== Input data ==
________
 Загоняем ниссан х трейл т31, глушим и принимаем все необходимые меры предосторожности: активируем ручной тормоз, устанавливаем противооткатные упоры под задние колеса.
________
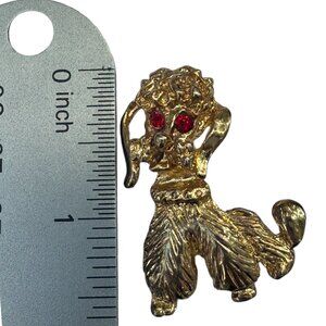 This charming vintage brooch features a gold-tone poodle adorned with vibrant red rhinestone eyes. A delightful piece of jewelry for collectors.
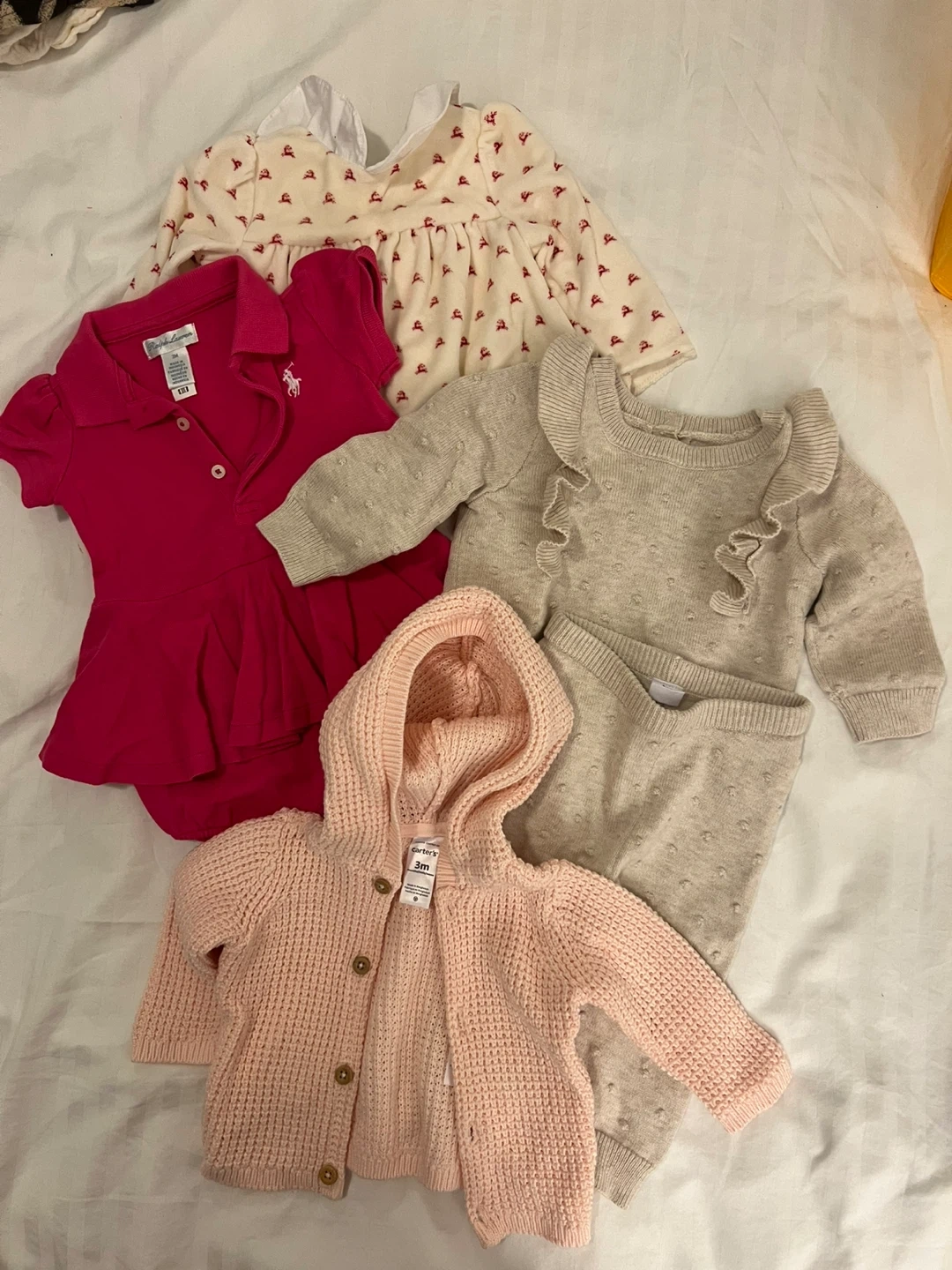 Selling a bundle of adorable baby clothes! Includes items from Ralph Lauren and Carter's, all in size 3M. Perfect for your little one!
________
== Work request ==
Taking the material above, give again exactly the lines from the one holding "This charming vintage" through the one holding "Selling a bundle", with both ends and without pictures.

== Answer space ==
 This charming vintage brooch features a gold-tone poodle adorned with vibrant red rhinestone eyes. A delightful piece of jewelry for collectors.
 Selling a bundle of adorable baby clothes! Includes items from Ralph Lauren and Carter's, all in size 3M. Perfect for your little one!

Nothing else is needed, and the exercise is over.